Eu estava no aeroporto de Paris, na conexão que me levaria ao Rio quando o telefone vibrou. Vi o nome da cuidadora, com quem eu tinha falado apenas 30 minutos antes, para informá-la que apesar dos milhares de quilômetros de distância, eu chegaria naquela mesma noite.
- sua mãe acabou de falecer.
- você estava com ela?
- sim, falei com ela que você estava chegando, 15 minutos depois ela se foi.
- tá bom, obrigada.
Se meus 20 anos de imigrante não me prepararam para enfrentar o pesadelo, eles me deram um certo contorno, que, naquele momento me segurou na coluna de um dos portões do Charles de Gaulle, o mesmo imenso aeroporto que foi minha porta de entrada para a Europa, em 2004.
Ali, sozinha, eu vi centenas de pessoas caminharem, dirigindo-se aos próprios destinos. Eu, em lágrimas, chamei três vezes pela minha mãe. Não tive muito tempo para respostas. Enquanto eu a chamava, uma voz em francês ordenava que eu me dirigisse imediatamente ao embarque. Foi tudo muito rápido. Consigo ver no meu celular que a ligação que me afligiu pelos últimos 20 anos durou apenas 48 segundos.
Tive 11 horas de tempo, cercada por desconhecidos, espremida em uma poltrona desconfortável, para começar a pegar pelas mãos o que antes eu chamava de pesadelo e, que depois do telefonema, já era outra coisa que eu não sei ainda como nomear.

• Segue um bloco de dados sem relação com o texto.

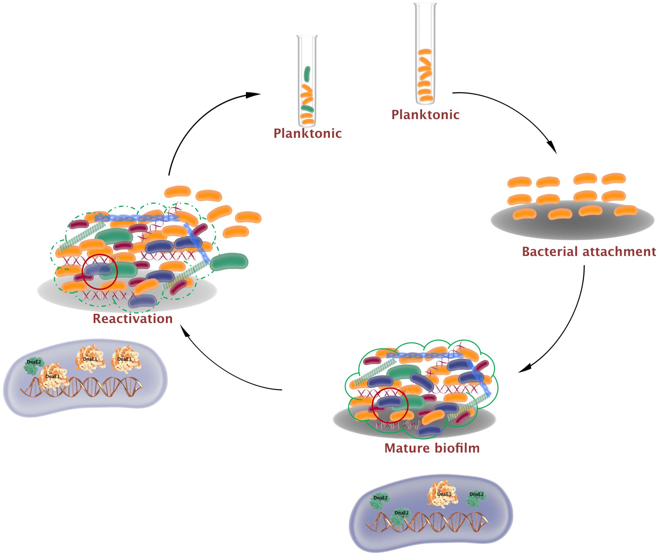 Figure 6. Mutagenesis and bacterial growth arrest by dnaE2 expression in biofilms. Biofilm formation is initiated by the attachment of mycobacteria to a substratum. During maturation, an extracellular matrix encloses a heterogeneous population consisting of dead bacteria (red), growth-arrested bacteria (blue), and mutant bacteria (green) generated by reduced DNA repair and induction of the error-prone polymerase DnaE2. Growth arrest within this subpopulation arises from conflict between DnaE2 and the housekeeping polymerase DnaE1. During reactivation from biofilm to planktonic growth, DnaE2 expression is repressed, shifting the balance toward DnaE1 and resulting in active multiplication.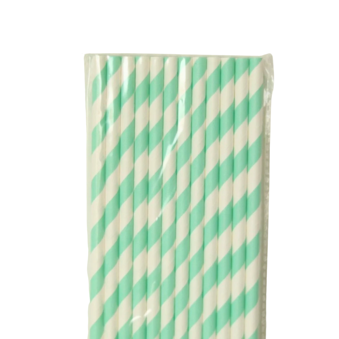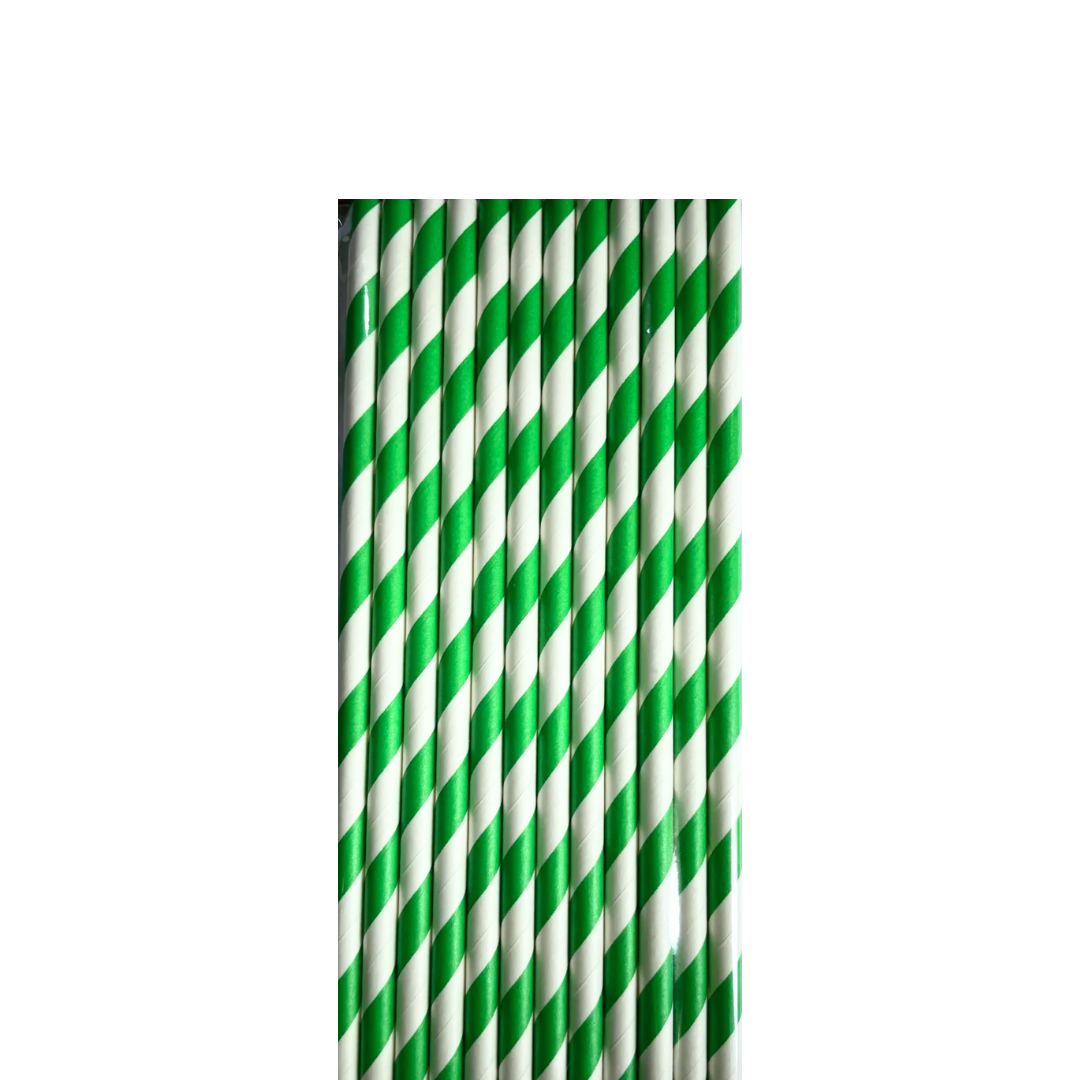 Canudo de Papel Listrado Verde - 12 Unidades

Estranhamente, naquele dia, o sistema do avião que permite aos passageiros acompanhar a viagem em tempo real não estava funcionando. Assim, atravessei os céus sem saber ao certo onde eu estava, suspensa, no lugar/não lugar que pertence aos que decidem migrar.
A vida que segue
A quarta temporada da série My Brilliant Friend chega hoje ao final. Não foi uma produção que me entusiasmou particularmente, apesar de alguns momentos emocionantes e bonitos. Entre eles, devo destacar as cenas protagonizadas pela atriz Anna Rita Vitolo, que interpreta Immacolata, mãe de Lenu, uma das melhores personagens da tetralogia.
Durante minhas releituras do romance, eu me emocionava muito quando chegava na parte do adoecimento e morte de Imma. Em parte porque eu estava vivendo o mesmo processo com a minha mãe, em parte pela espécie de acerto de contas - algo pouco explícito na obra de Ferrante - entre mãe e filha naquele ponto do livro. Mas o que realmente me tocava era a presença da pequena Imma, a neta, um bebê de colo, que enquanto a avó apagava, era nutrida pela mãe.
“Nós duas - eu e a pequena, que no sono estava buscando avidamente meu mamilo para sentir-se ainda parte de mim - éramos, naquele espaço de doença, tudo o que de vivo e de são ainda permanecia dela” (História da menina perdida, cap. 68)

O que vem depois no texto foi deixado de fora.